…………。
「どうしてそんな事言うんだよ!」
「いえ、ですからその事については何度も言っているように、仕方の無いことなんです」
「だったらなんで頑張ろうとしないんだ!いつもの葵ちゃんらしくないじゃないか!」
「……やっぱりできません…。」
「くそっ!」
そう吐き捨てて藤田浩之は足早に去って行った…。
……。
ここは松原 葵ちゃんの家。
部屋の中では葵ちゃんがひざを抱えてベットにうずくまっている。
先ほど喧嘩をしてからすでに5時間が過ぎている。
あれから葵ちゃんは色々と考えた。
「だったらなんで頑張ろうとしないんだ!…」
浩之の言ったセリフが頭の中で繰り返される。
ちょっとした事が原因でしてしまった喧嘩。
「はあ…。

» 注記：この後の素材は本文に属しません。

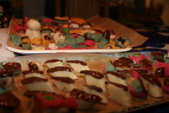 Jag gillar faktiskt inte godis och är inte heller särskilt bra på den pyssliga delen. Röra ihop kakor eller baka bröd funkar, men finliret är inte min starka sida. Men resten av familjen gillar och det är en fröjd bara att få vara med, en assistent skadar ju inte!
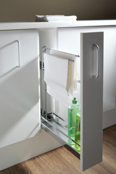 Висувний тримач для рушників Classic (карго), з доводчиком – практичне і зручне рішення для невеликих приміщень. Виріб має компактний і стильний дизайн. Висувний механізм збільшує простір кімнати, дозволяючи сушити рушники без необхідності монтувати додаткові пристосування для їхнього розміщення на відкритому просторі. Міцна конструкція витримує вагу мокрих рушників без ризику деформації.
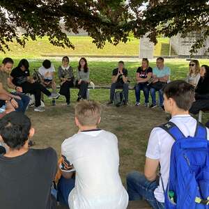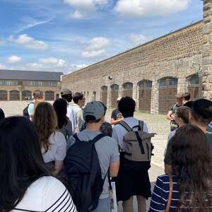 Nach einer geführten Tour durch die Gedenkstätte des ehemaligen Konzentrationslagers lassen wir den Tag bei Essen und Getränken in der KHG ausklingen.
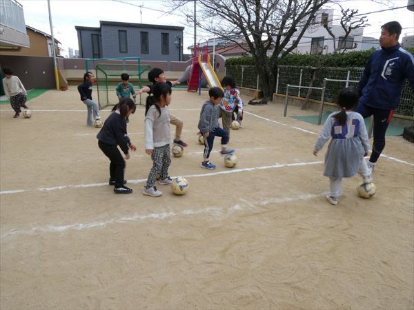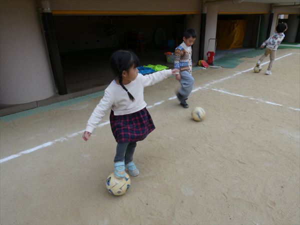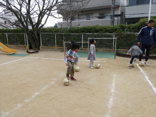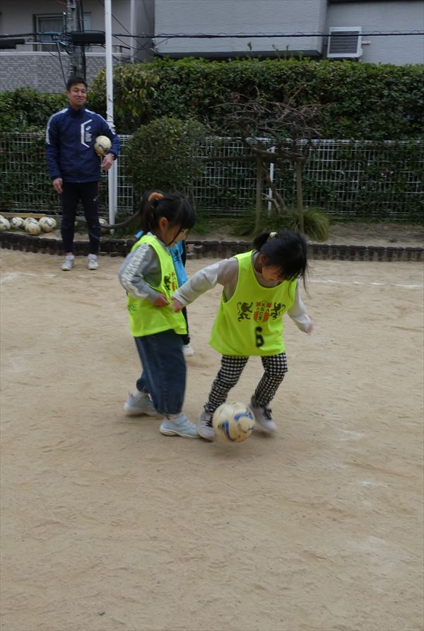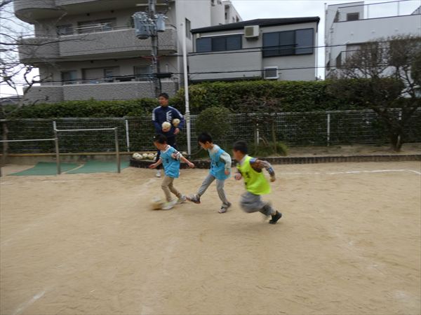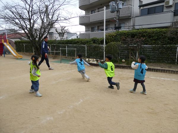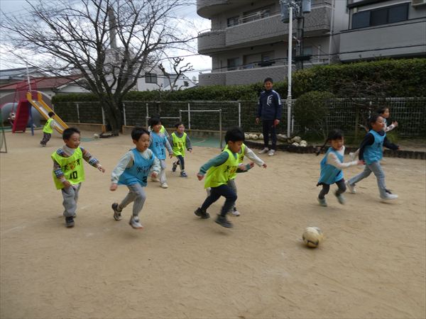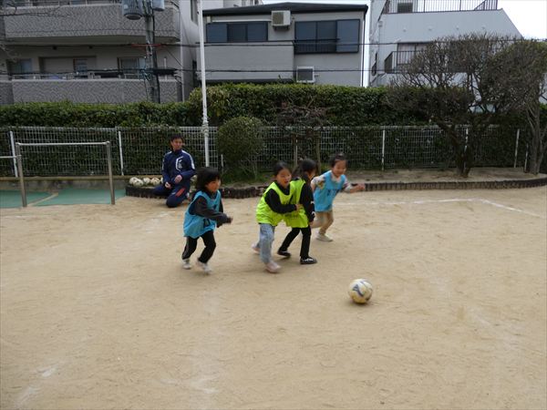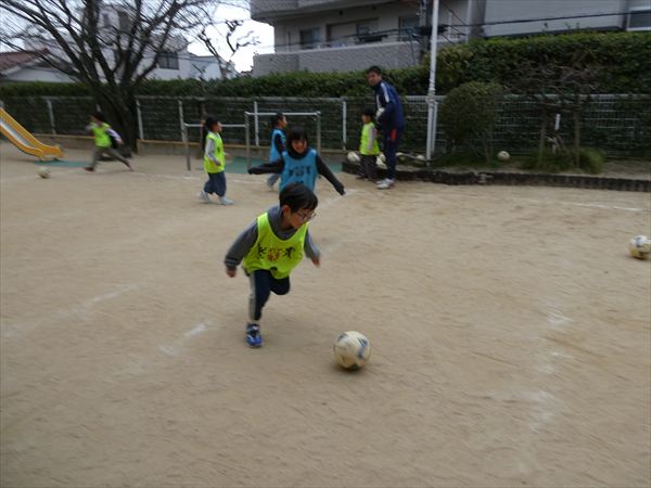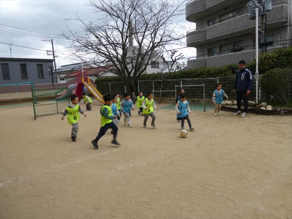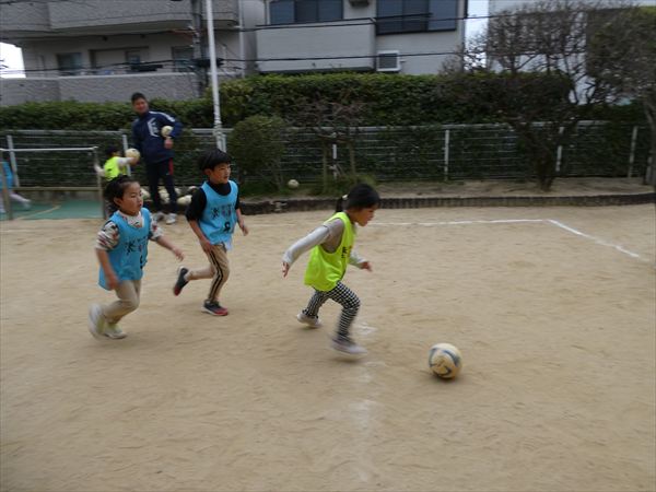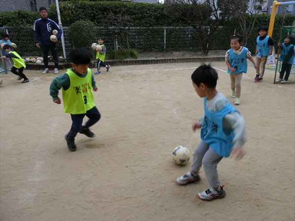 ボールを蹴るのもパスを渡すのもずいぶん上手になり、この日は常に接戦を繰り広げていました!!同じチームで声を掛け合ったり応援し合ったりしながら楽しんでいます(^^)

やっぱり私が悪かったんだろうなあ。」
そうポツリと呟いて、枕元にあるぬいぐるみを手に取る。
それは浩之が今年の春に修学旅行で行った、北海道のお土産の狐のぬいぐるみだった。
名前は…
「ねえ…コン太。」
浩之が付けてくれた名前。
「藤田せんぱい怒ってるだろうな…。実際怒って帰っちゃったし…」
いつも近くで支えてくれていた浩之が急に遠くへ行ってしまったような気がして
不安になり瞳にはうっすら涙が浮かんでいる。
「はあ。どうにかして仲直りしたいな。」
葵は何とはなしにコン太に話しかけていた。
『ふ〜〜ん。そんなに困ってるんだぁ。』
「うん。今回はホントに怒ってたもの、せんぱい。」
『だったら私が助けてあげよっか?』
「うん。助けてもらえるなら助けて欲しいな…ん?!」
『まかせてよ♪』
「え?私誰と話してるの?ええっ?!」
突然コン太が光り輝き出すとむくむくと大きくなっていき、だんだんと人に形になっていく。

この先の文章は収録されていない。